=== ENTRIES SUPPLIED ===
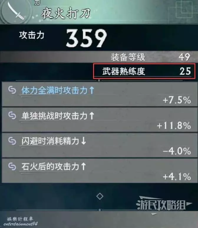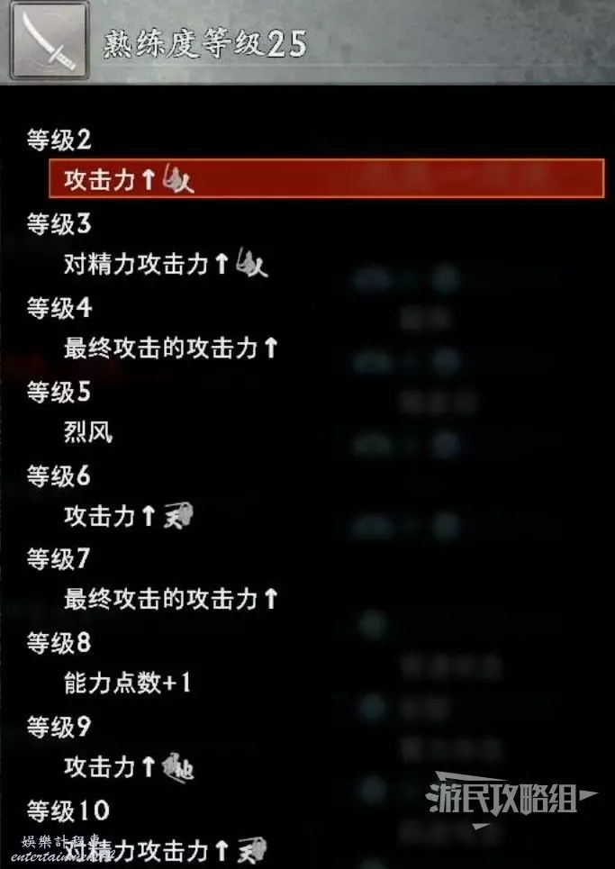 熟練度等級會提升此類型武器的攻擊力數值,並解鎖特殊攻擊。
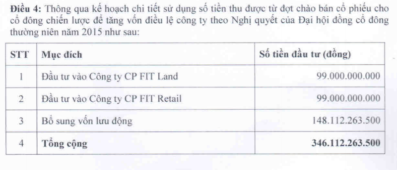 Nghị quyết này cũng thông qua kế hoạch chi tiết sử dụng số tiền thu được cho 3 mục đích: Đầu tư vào CTCP FIT Land (99 tỷ đồng); Đầu tư vào CTCP FIT Retail (99 tỷ đồng); Bổ sung vốn lưu động (148 tỷ đồng).
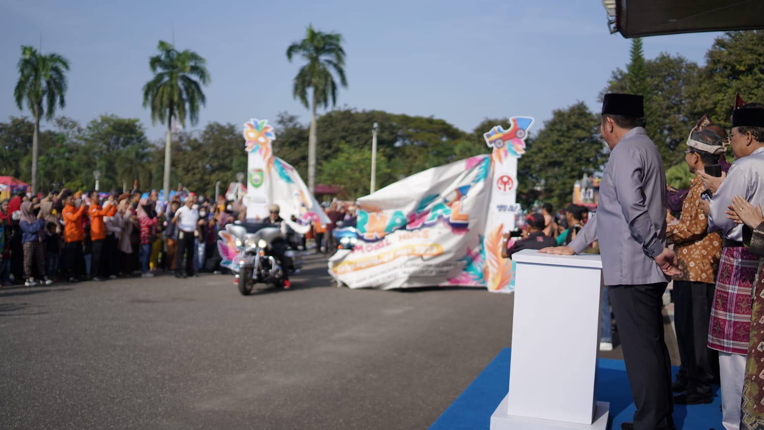 Iring-iringan karnaval tersebut dilepas langsung oleh Gubernur Sumsel H. Herman Deru didampingi Ketua TP PKK Provinsi Sumsel Hj. Feby Deru.
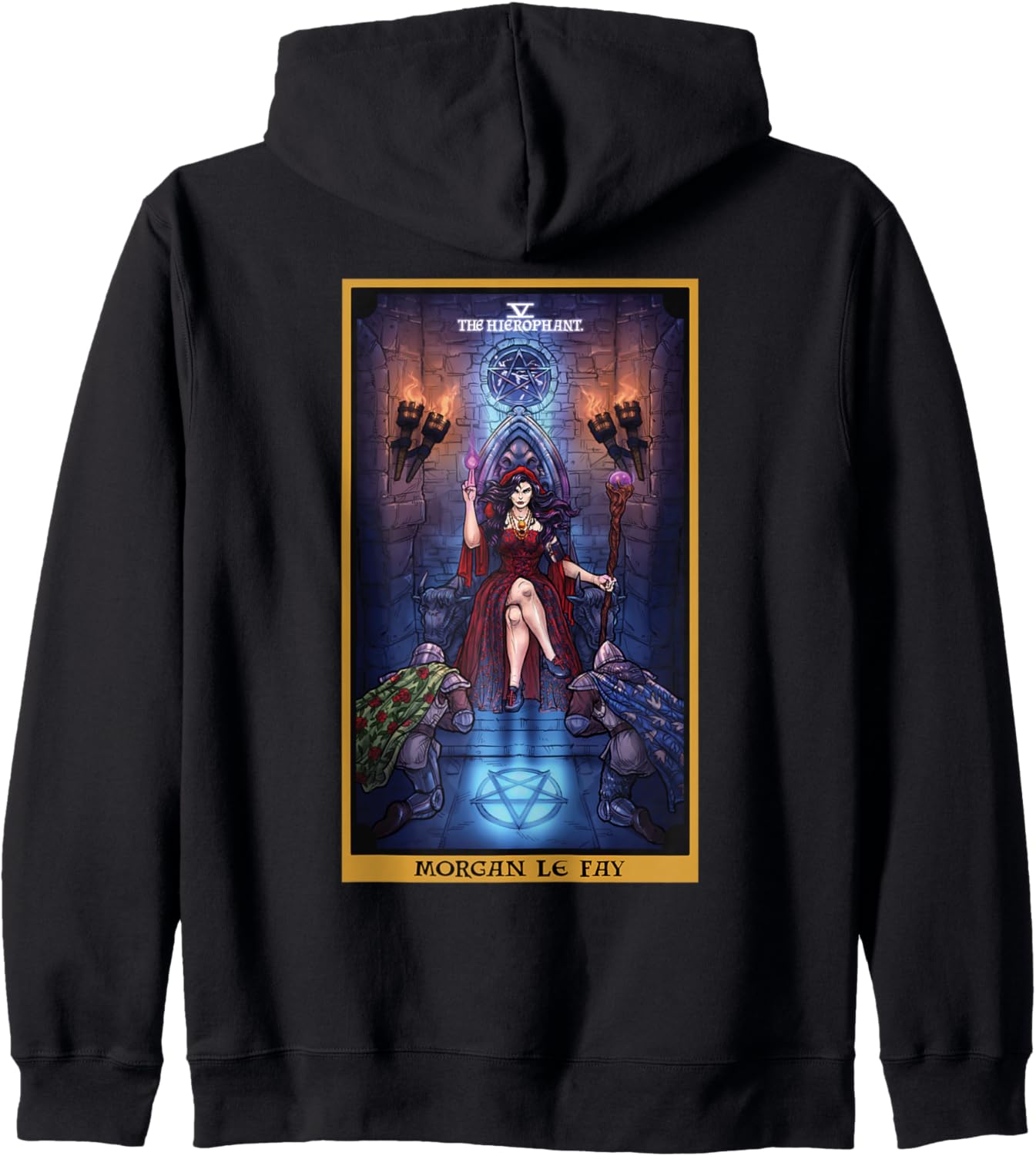 PRODUKTBESCHREIBUNGEN Morgan Le Fay steht in dieser Darstellung der Major Arcana Tarotkarte The Hierophant. Als Lehrling von Merlin, wird sie in den traditionellen Methoden der Hexerei und Zauberei gelernt. Die Pentagramme symbolisieren ihre Fähigkeit, helle und dunkle Magie zu verwenden. Obwohl sie manchmal als herausfordernd den Status Quo dargestellt hat, versucht sie ihren Bruder, König Arthur, vor denjenigen zu schützen, deren Absicht es ist, ihm zu schaden. Sie sitzt kraftvoll auf ihrem Thron und trägt einen magischen Stab, hebt zwei Finger und kanalisiert die obigen Kräfte.
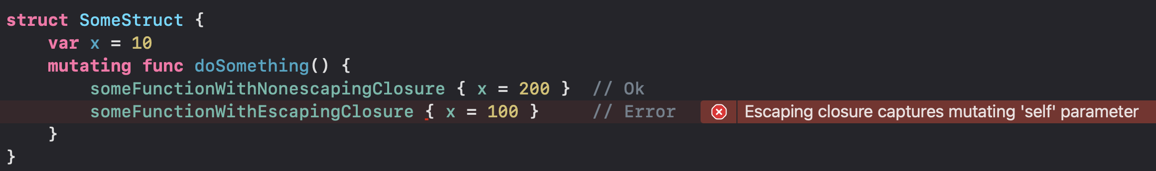 - 따라서 escaping 클로저는 값 타입에서 변경 가능한 self를 캡처할 수 없다.
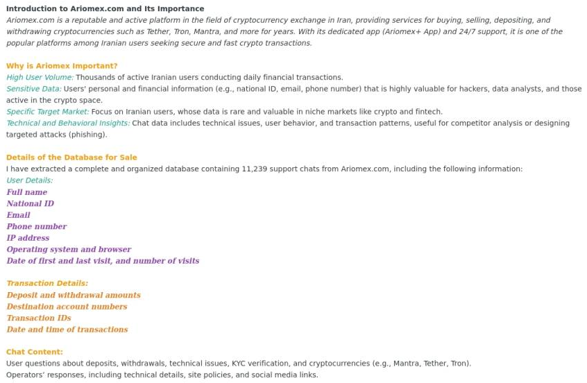 Resecurity acquired the Ariomex's database, one of the largest cryptocurrency exchange platforms in Iran. This report presents the findings of a structured analysis of the leaked database, which contains information about end users, their transactions, and the context surrounding their operations, covering the period from 2022 to 2025. Our analysis focused on sanctions exposure, financial crime risk indicators, cyber-enabled activity, cross-platform transaction flows and suspicious activity.
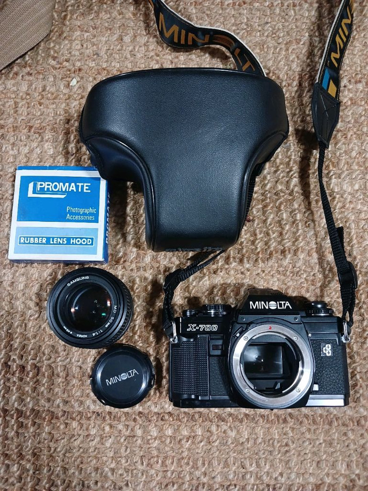 미놀타 X-700 카메라에 삼성미놀타 50mm f1.4렌즈 까지 드리는 세트 상품입니다. 카메라 보관에 용이한 가죽 케이스와 스트랩,어깨가방 까지 챙겨드려요. 렌즈 후드도 함께 있어서, 렌즈 보호도 문제 없습니다. ### 랜즈별매 ## 35-70MM ₩80,000 60-300mm ₩100,000 문의 없으시면 바로 안전결제해주시면 됩니다!
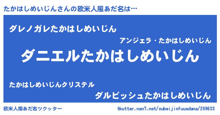 | ヘコむあだ名 | 『たかはしめいじん(笑)』『なまこ酢』 |
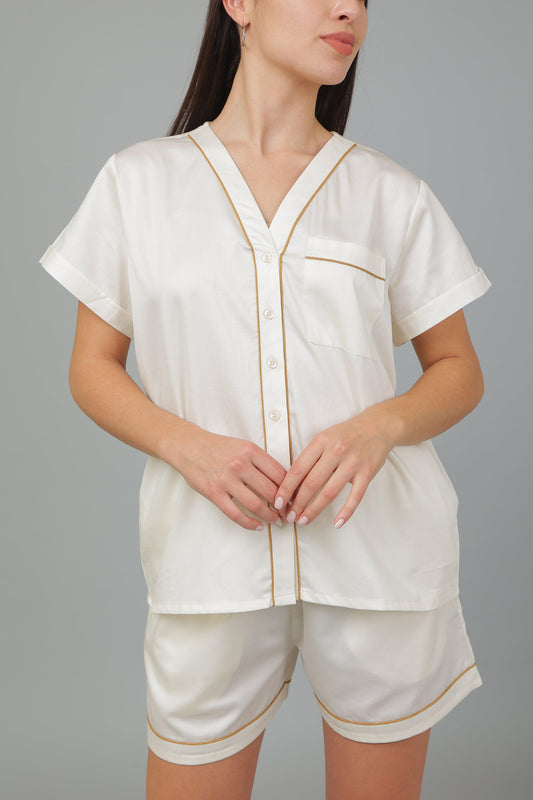 Solid Colour Cotton Shorts Night Suit Set
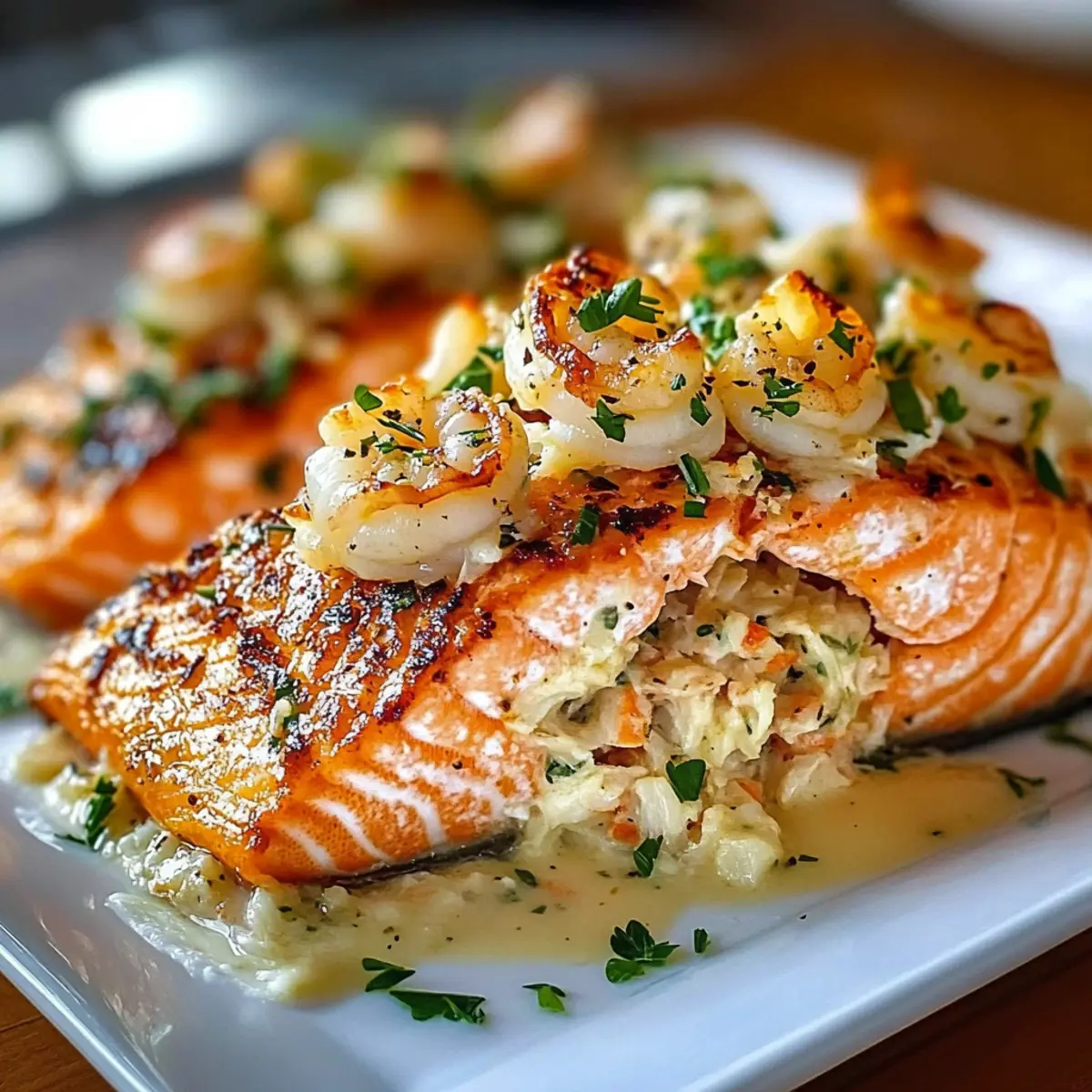 Elegant Crab Shrimp Stuffed Salmon for a Delectable Dinner
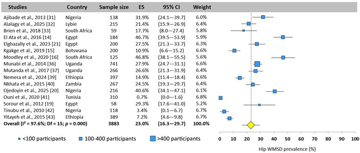 Hip WMSD prevalence pooled for all African nurses. Each blue square represents the mean value reported for each cross-sectional study. The size of the squares is proportional to the sample size (< 100; 100–400; > 400 participants). The yellow diamond represents the pooled prevalence across all 16 studies. The horizontal line is the 95% confidence interval (95% CI). ES: effect size; WMSD: work-related musculoskeletal disorder.

=== BRIEF ===
Please output the lines from the line that holds "Elegant Crab Shrimp" through the final line of the material above, both included. Each line must match exactly, and pictures must be excluded.

=== SOLUTION ===
 Elegant Crab Shrimp Stuffed Salmon for a Delectable Dinner
 Hip WMSD prevalence pooled for all African nurses. Each blue square represents the mean value reported for each cross-sectional study. The size of the squares is proportional to the sample size (< 100; 100–400; > 400 participants). The yellow diamond represents the pooled prevalence across all 16 studies. The horizontal line is the 95% confidence interval (95% CI). ES: effect size; WMSD: work-related musculoskeletal disorder.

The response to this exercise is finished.